Re: [PATCH 01/13] drm/amdgpu: introduce and honour DRM_FORCE_AUTH workaround

2019-05-28 Thread Dave Airlie
On Wed, 29 May 2019 at 02:47, Emil Velikov  wrote:
>
> On 2019/05/28, Koenig, Christian wrote:
> > Am 28.05.19 um 18:10 schrieb Emil Velikov:
> > > On 2019/05/28, Daniel Vetter wrote:
> > >> On Tue, May 28, 2019 at 10:03 AM Koenig, Christian
> > >>  wrote:
> > >>> Am 28.05.19 um 09:38 schrieb Daniel Vetter:
> >  [SNIP]
> > > Might be a good idea looking into reverting it partially, so that at
> > > least command submission and buffer allocation is still blocked.
> >  I thought the issue is a lot more than vainfo, it's pretty much every
> >  hacked up compositor under the sun getting this wrong one way or
> >  another.

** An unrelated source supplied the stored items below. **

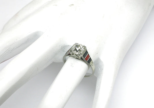 Art Deco 1.16ct Diamond, Onyx & Coral 18k White Gold Engagement Ring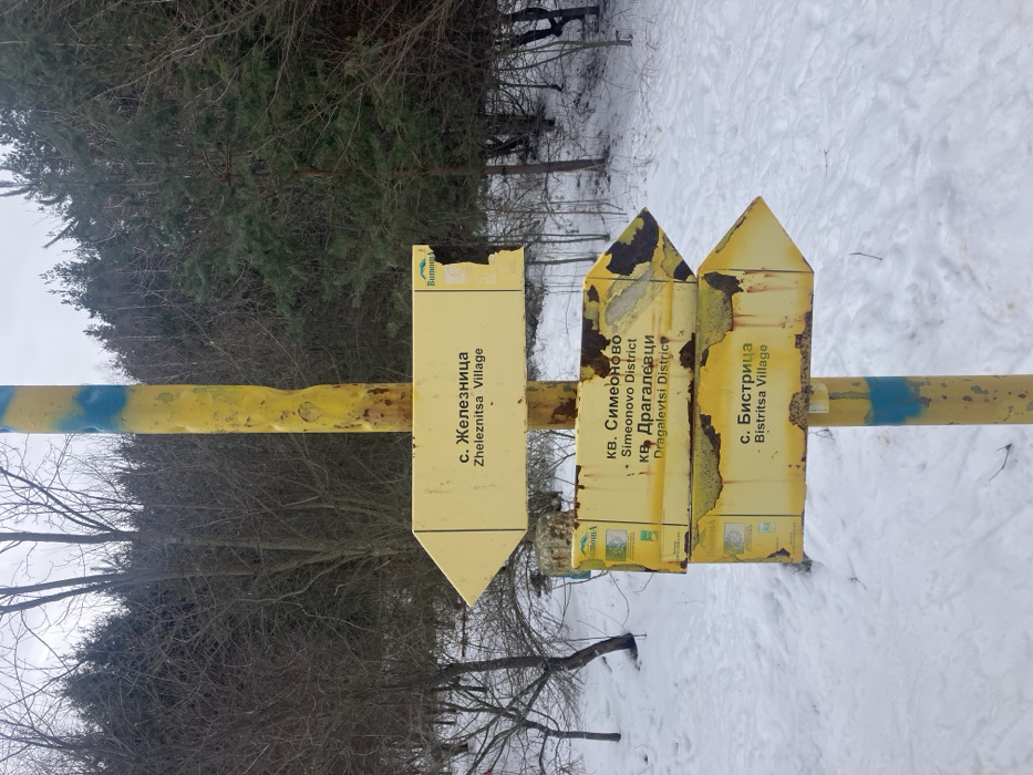 - "The image depicts a weathered yellow directional signpost located in a snow-covered, wooded area near Bistritsa, Bulgaria" by FM-6nb8J2, licensed under CC BY 4.0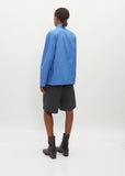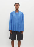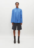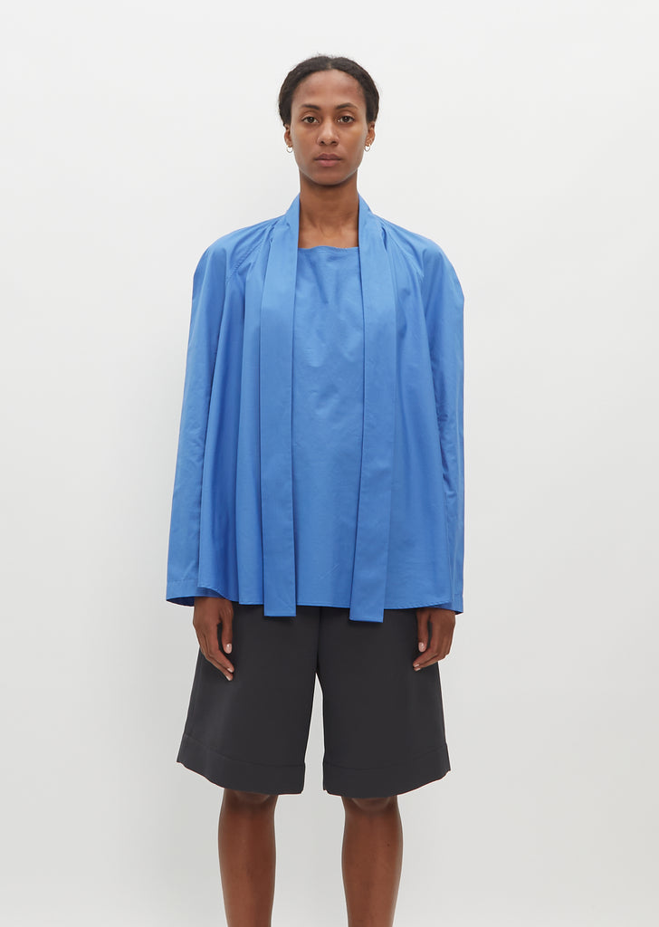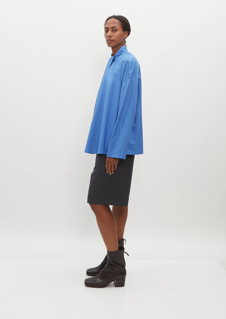 Lemaire cerulean blue blouse with an attached ascout tie in heavy cotton poplin. Features raglan sleeves, a mock neckline with self tie ascout, and an a-line silhouette.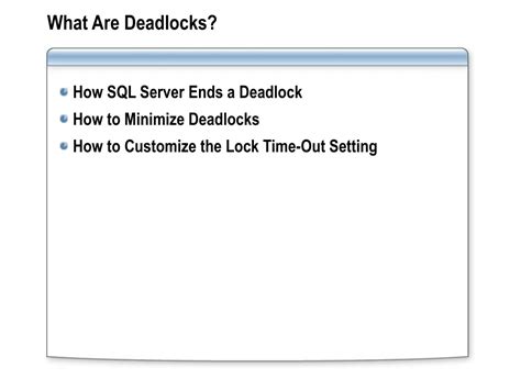 Deadlocks occur when two or more transactions are blocked indefinitely, waiting for each other to release locks. To avoid deadlocks, access resources in the same order in all transactions, use shorter transactions, and set a deadlock priority. Implement error handling to detect and handle deadlocks gracefully. Deadlocks can cause significant performance problems and disrupt application availability. Following best practices for deadlock prevention can help minimize the occurrence of deadlocks and ensure smooth database operations. Regular monitoring for deadlocks and analysis of deadlock graphs can help identify and address the root causes of deadlocks.

Thinking about this some more, I also have no idea how you'd
> >  want to deprecate rendering on primary nodes in general. Apparently
> >  that breaks -modesetting already, and probably lots more compositors.

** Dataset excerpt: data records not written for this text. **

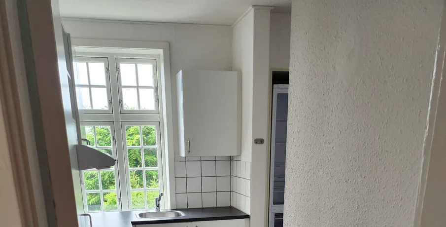 Lejligheden byder på 57 veludnyttede kvadratmeter med en rummelig stue, hvor de store vinduespartier sikrer et fantastisk lysindfald og en behagelig atmosfære. Her er god plads til både sofaarrangement og spisebord. Soveværelset er lyst og indbydende med plads til både seng og opbevaring.. Køkkenet fremstår lyst og funktionelt med gode skabs- og bordpladsforhold – perfekt til både hverdagsmad og hyggelige middage. Badeværelset er enkelt og praktisk indrettet med separat bruseniche.. Lejligheden har flotte trægulve, lyse vægge og en klassisk stil, der gør det nemt at sætte sit eget præg. Planløsningen er optimal til både singlen, parret eller den studerende, der ønsker en central og hyggelig base i Horsens.. Ejendommen fremstår velholdt og ligger i rolige omgivelser med grønne arealer. Samtidig er du tæt på indkøb, offentlig transport og Horsens midtby.. Koldtvandsforbrug er inkluderet i huslejen.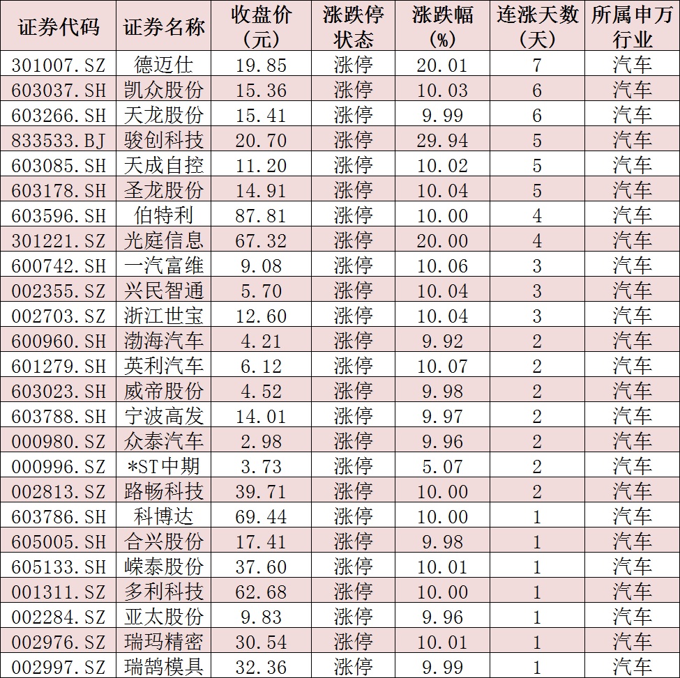 具體來看,今日,汽車產(chǎn)業(yè)鏈徹底爆發(fā),掀起了罕見的漲停潮,其中,胎壓監(jiān)測(cè)板塊領(lǐng)漲,路暢科技等5只個(gè)股漲停;新能源汽車概念股持續(xù)強(qiáng)勢(shì),包括德邁仕、英利汽車等多只概念股漲停;無人駕駛板塊持續(xù)走強(qiáng),得潤電子等16只概念股漲停;汽車零部件股集體走強(qiáng),圣龍股份等23只個(gè)股漲停;創(chuàng)新藥概念股午后異動(dòng),海思科、通化金馬漲停;EDR概念、華為汽車、減速器、汽車芯片、車聯(lián)網(wǎng)、傳感器、英偉達(dá)概念、第三代半導(dǎo)體等板塊表現(xiàn)活躍。中船系板塊領(lǐng)跌,芬太尼、醫(yī)藥商業(yè)、毛發(fā)醫(yī)療、醫(yī)藥電商、房地產(chǎn)服務(wù)、電力、教育、銀行等板塊跌幅居前。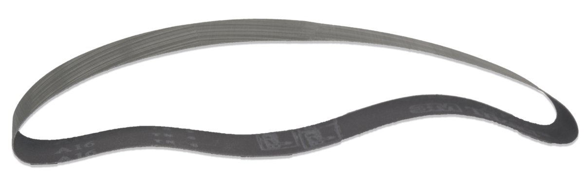 Cinta de lixa trizac cinza com 40 mm por 820 mm, ideal para trabalhos em metal.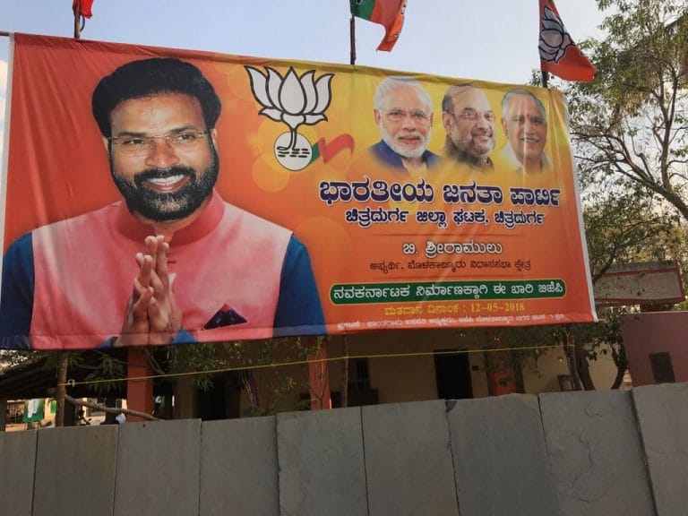 कर्नाटक 2018 स्वयं को इबारतों की यात्रा के रूप में खुद को प्रस्तुत नहीं करता है। दशकों से अब तक मैंने जितने भी चुनाव देखे हैं किसी भी चुनाव को मैंने इतने कम प्रदर्शन के साथ नहीं देखा, न कोई पोस्टर, न बैनर, न ही झंडे और न ही होर्डिंग या बिल्ले। यह सब आपको तब तक नहीं दिखाई देंगे जब तक आप इस चुनावी राज्य में राजमार्गों और राज्य के अंदरूनी हिस्सों में लगभग 2000 किलोमीटर की ड्राइविंग करने के बाद आंध्र प्रदेश की सीमा से लगे बल्लारी (पहले बेल्लारी) के उत्तर-पूर्वी भाग में नहीं पहुँच जाते ।

> >  And it looks like we're finally achieve the goal kms set out to 10
> >  years ago, and new compositors are sprouting up all the time. I guess
> >  we could just break them all (on new hardware) and tell them to all
> >  suck it up. But I don't think that's a great option. And just
> >  deprecating this on amdgpu is going to be even harder, since then
> >  everywhere else it'll keep working, and it's just amdgpu.ko that looks
> >  broken.
> > 
> >  Aside: I'm not supporting Emil's idea here because it fixes any issues
> >  Intel has - Intel doesn't care. I support it because reality sucks,
> >  people get this render vs. primary vs. multi-gpu prime wrong all the
> >  time (that's also why we have hardcoded display+gpu pairs in mesa for
> >  the various soc combinations out there), and this looks like a
> >  pragmatic solution. It'd be nice if every compositor and everything
> >  else would perfectly support multi gpu and only use render nodes for
> >  rendering, and only primary nodes for display. But reality is that
> >  people hack on stuff until gears on screen and then move on to more
> >  interesting things (to them). So I don't think we'll ever win this :-/
> > >>> Yeah, but this is a classic case of working around user space issues by
> > >>> making kernel changes instead of fixing user space.
> > >>>
> > >>> Having privileged (output control) and unprivileged (rendering control)
> > >>> functionality behind the same node is a mistake we have made a long time
> > >>> ago and render nodes finally seemed to be a way to fix that.
> > >>>
> > >>> I mean why are compositors using the primary node in the first place?
> > >>> Because they want to have access to privileged resources I think and in
> > >>> this case it is perfectly ok to do so.
> > >>>
> > >>> Now extending unprivileged access to the primary node actually sounds
> > >>> like a step into the wrong direction to me.
> > >>>
> > >>> I rather think that we should go down the route of completely dropping
> > >>> command submission and buffer allocation through the primary node for
> > >>> non master clients. And then as next step at some point drop support for
> > >>> authentication/flink.
> > >>>
> > >>> I mean we have done this with UMS as well and I don't see much other way
> > >>> to move forward and get rid of those ancient interface in the long term.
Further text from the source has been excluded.